And the rash of random violence is a tell-tale sign of the city’s emerging gang problem, according to Boyd Patterson, who recently was named to lead Hamilton County’s new anti-gang prosecution efforts.
His job at the Hamilton County District Attorney’s Office will be to push for harsher penalties on gang members caught in criminal acts, like those caught in three recent roundups for outstanding warrants.
In court, Patterson’s office plans to use laws already on the books to punish group behavior, admit evidence of gang members in trials and use more experts in prosecution.
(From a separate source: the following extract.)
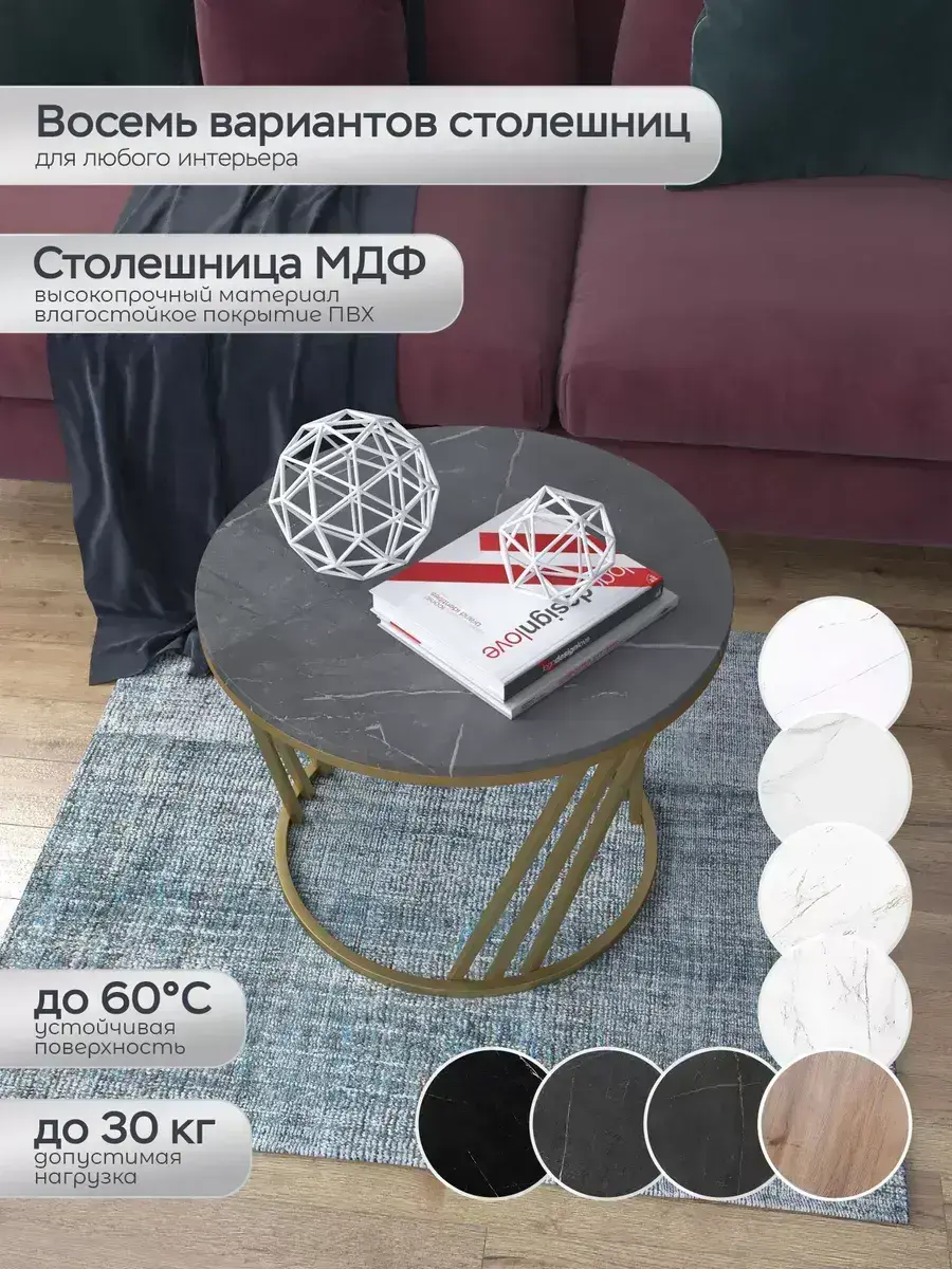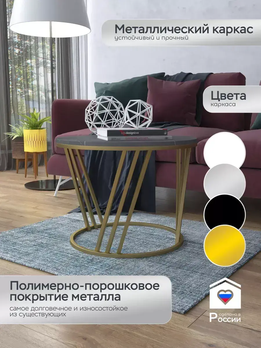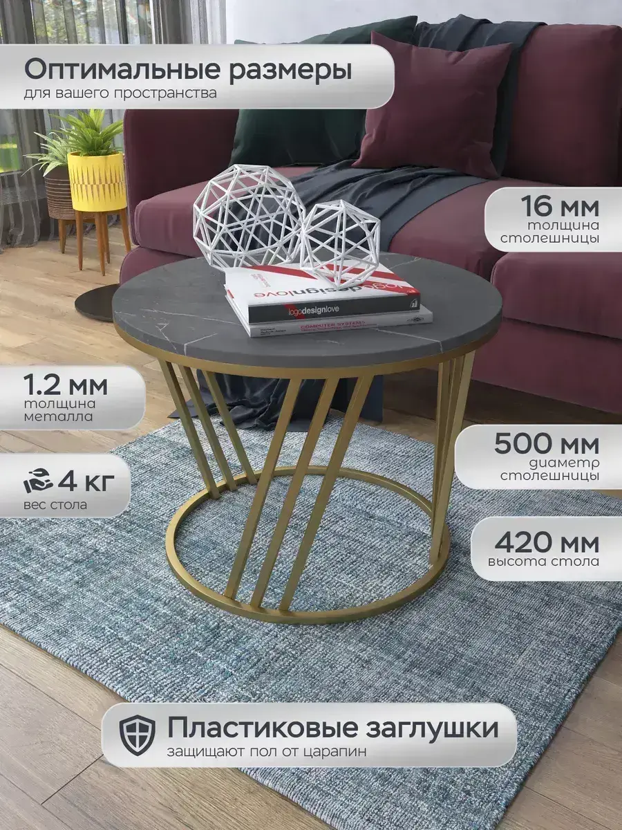 Журнальный стол "Адидас" — это стильное и функциональное дополнение к вашему интерьеру. Его уникальный дизайн и высокое качество сразу привлекают внимание. Столешница влагостойкая, а основание покрыто прочной полимерно-порошковой краской. Благодаря этому он не только привлекательно выглядит, но и очень практичен. Конструкция столика надёжна, он выдерживает нагрузку на столешницу до 30 кг. Это позволяет разместить на нём различные предметы декора или напитки. Цвет основания: золото, столешницы: мрамор серебро черный матовый. Основание выполнено из квадратной профильной трубы 15х15 толщиной 1.2мм Этот журнальный столик удобен в использовании. Он не царапает пол и не шатается, обеспечивая дополнительный комфорт при эксплуатации. Производство в России гарантирует высокое качество товара и его соответствие всем стандартам. Кроме того, столик поставляется уже собранным. Вам не придётся тратить время и силы на его сборку. Просто распакуйте его и наслаждайтесь преимуществами этого прекрасного изделия. Круглый журнальный столик со столешницей под мрамор — это не просто мебель. Это настоящее произведение искусства, которое подчеркнёт ваш вкус и станет главным акцентом в вашем доме. Покупая этот столик, вы получаете не только функциональную мебель, но и предмет декора, который добавит шарма и уюта в ваше пространство. Не упустите возможность купить этот уникальный журнальный столик и создать уютный уголок в вашем доме, который будет радовать вас каждый день.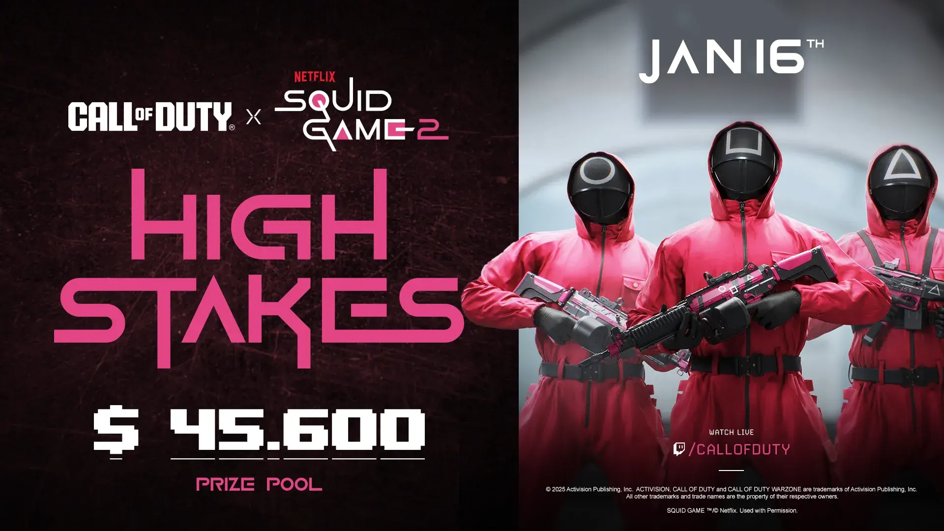 To capitalize on the worldwide excitement surrounding the premiere of Netflix's Squid Game Season 2, Call of Duty teamed up with Tribe Gaming to design a custom community tournament. This collaboration was built to increase visibility for both the series's newest season and the exclusive Squid Game-themed in-game skins.

“We’ve known that it’s not going to be a problem we can arrest our way out of,” said Patterson, an assistant district attorney. “It’s reached a point where we need a specific concentration of our prosecution efforts. ... Our goal is to collapse their whole organization.”
News of recent shootings lead to nightmares for Diane Lawrence. Every day, it seems, she picks up the paper or someone calls her to say someone’s been shot.
“There is just no end to it,” she said. “[These kids] don’t fear nothing or nobody.”
She remembers the cold night she and her husband saw her second-oldest son lying lifeless under the bright gas station lights at Kanku’s. Then she remembers little things about Jonathan.
He was always a playful child but hardheaded. He sat and listened when his parents lectured him on mistakes with drugs or work, but he never did what they told him.
In Eastdale, people called him Pooputt or Putt for short. He was a fixture in the community. When he would go missing for a while, the Lawrences would drive around looking for him and always find him hanging out on a corner with friends.
“He was kind of like Peter Pan,” John said. “He just always wanted to do things he did when he was growing up. He loved being out there. I don’t think you can find one person in Eastdale that didn’t like or know Jonathan.”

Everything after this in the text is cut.